Courtesy of St Bartholomew's Hospital Archives.


Blackwell was an advocate of medical care for women by women, and she actively promoted medical education for women throughout her life. She wrote many lectures on health issues relating to women, and in 1852 she published The Laws of Life; with Special Reference to the Physical Education of Girls. In 1858, she embarked on a year-long lecture tour addressing topics including the value of physiological and medical knowledge to women.

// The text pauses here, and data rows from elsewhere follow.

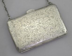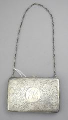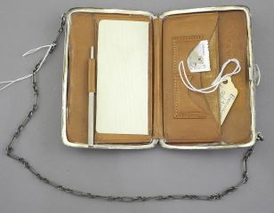 LOT 121 Hallmarked Silver Purse with Notepad , 4 1/4"w, TW 101g. Estimate: $120 - $180 Sold For: $120 Auction Date: Tuesday, October 28 2025 at 4:00 PM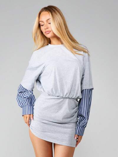 MISSGUIDED Oversized Mini Dress With Striped Sleeves-45%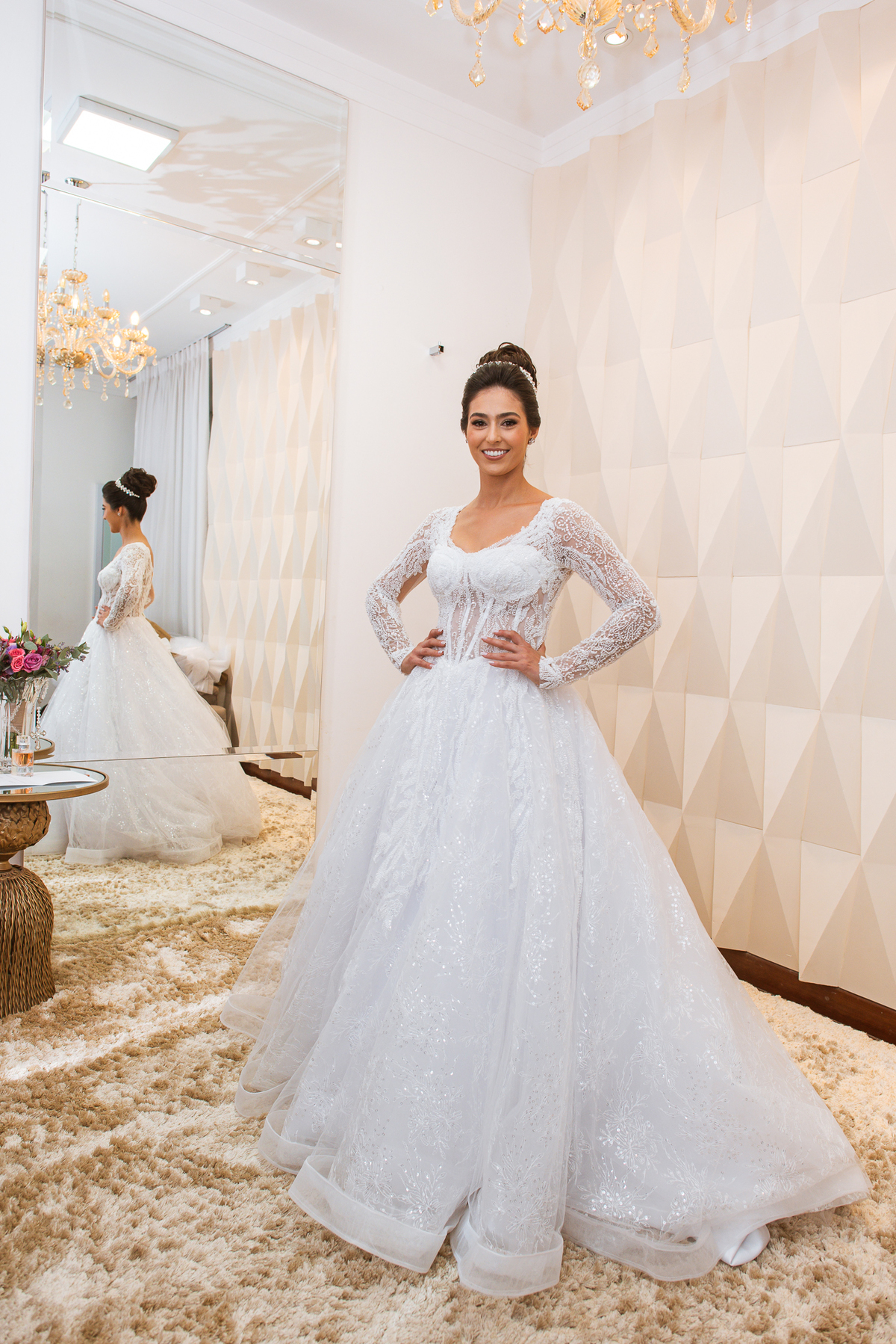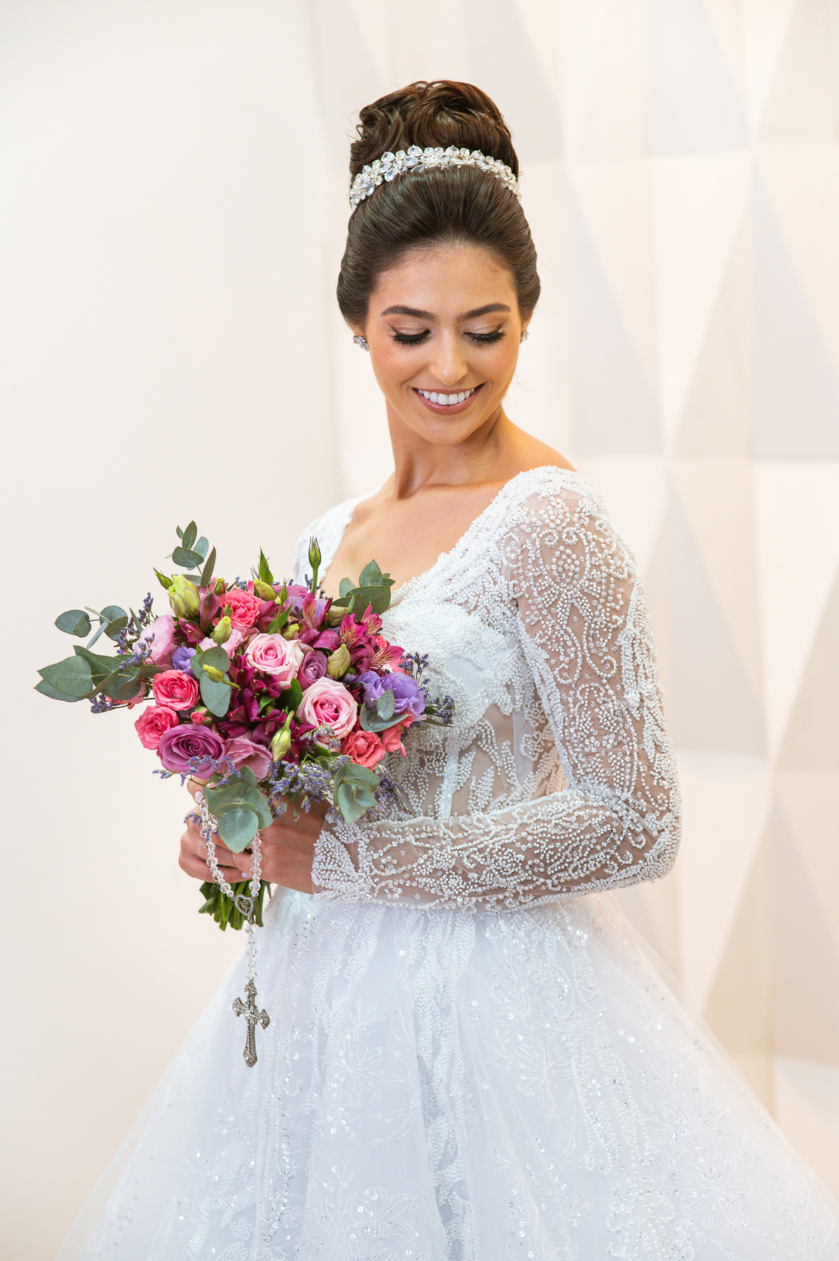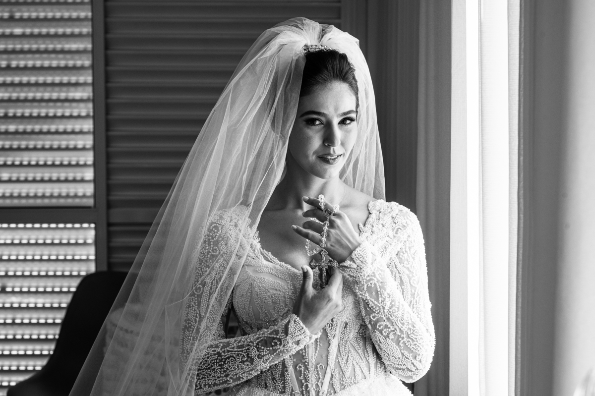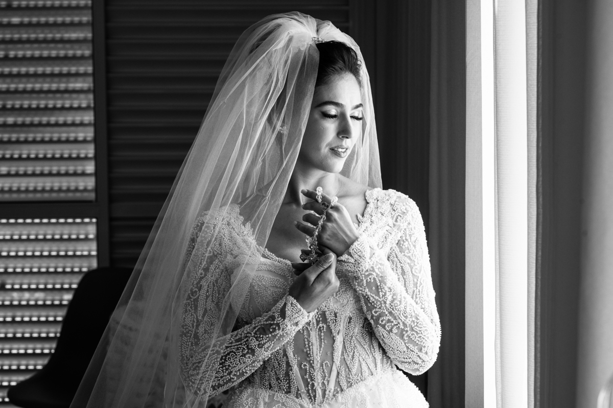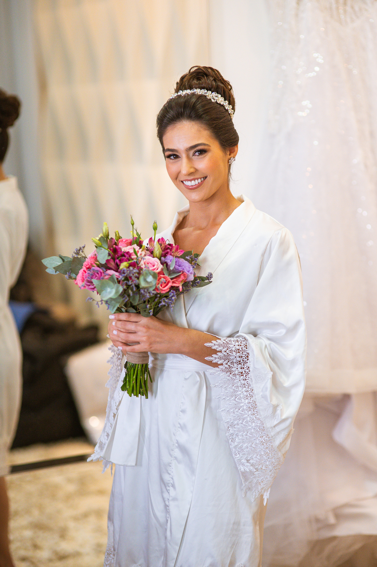 A mãe da noiva também se produzia no salão e logo chegou para fazermos algumas fotos. O sorriso? De canto a canto do rosto, das duas. Elas se abraçavam e sorriam como se fossem ambas que estivessem realizando um grande sonho. Jaqueline estava com penteado pronto e a make quase finalizada. Olhando no cantinho, estava o maravilhoso vestido escolhido por ela. Assinado pela Enlace Maison, tradicionalíssima e com vestidos impecáveis, ele só aguardava seu momento de brilhar junto com a noiva. Enquanto estávamos conversando e alinhando os últimos detalhes, eis que me surge uma surpresa pra noiva. Um belo buquê de flores pegou ela de surpresa. Otávio havia preparado essa surpresa e realmente deixou ela muito feliz. Fotografei o buquê e falei para ela como esse buquê estava maravilhoso. Ela me disse que esse em especial, era somente para as fotos no salão. Então, questionei se haveria outro, e ela confirmou que sim.

She was connected to other remarkable women of her time, including Florence Nightingale, with whom she visited a German hospital to explore medical provision abroad.

Blackwell helped to found the London School of Medicine for Women with several other pioneering women doctors, including her sister, Emily Blackwell, Elizabeth Garrett Anderson and Sophia Jex-Blake. In 1875, Blackwell became Professor of Gynaecology at the London School of Medicine for Women, and retired in 1907. She died in 1910 in Hastings , where she lived toward the end of her life.